— EXERCISE —
All lines from the one containing "Riikyu's elevated pet-carrier" through the final line of the listing below, and no others, must be returned exactly; no pictures belong in the copy.

— DATA SEGMENT —

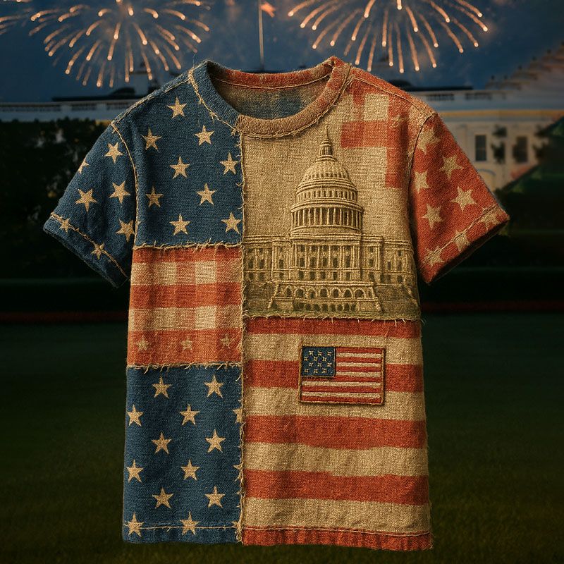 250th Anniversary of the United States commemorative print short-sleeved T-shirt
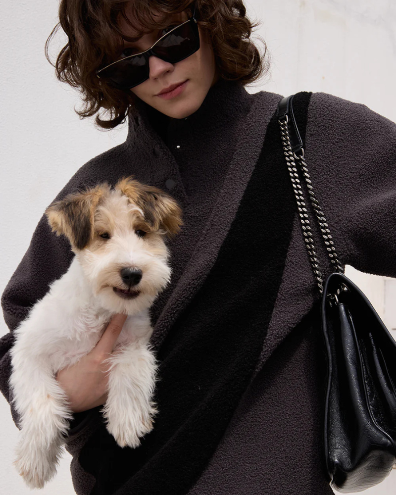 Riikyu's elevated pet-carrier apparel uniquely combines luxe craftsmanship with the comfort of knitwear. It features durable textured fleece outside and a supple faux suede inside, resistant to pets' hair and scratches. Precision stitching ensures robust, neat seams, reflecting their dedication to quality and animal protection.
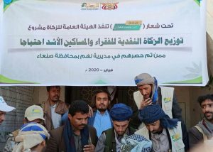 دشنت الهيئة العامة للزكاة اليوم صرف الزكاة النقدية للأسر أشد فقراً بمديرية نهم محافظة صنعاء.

— FINAL ANSWER —
 Riikyu's elevated pet-carrier apparel uniquely combines luxe craftsmanship with the comfort of knitwear. It features durable textured fleece outside and a supple faux suede inside, resistant to pets' hair and scratches. Precision stitching ensures robust, neat seams, reflecting their dedication to quality and animal protection.
 دشنت الهيئة العامة للزكاة اليوم صرف الزكاة النقدية للأسر أشد فقراً بمديرية نهم محافظة صنعاء.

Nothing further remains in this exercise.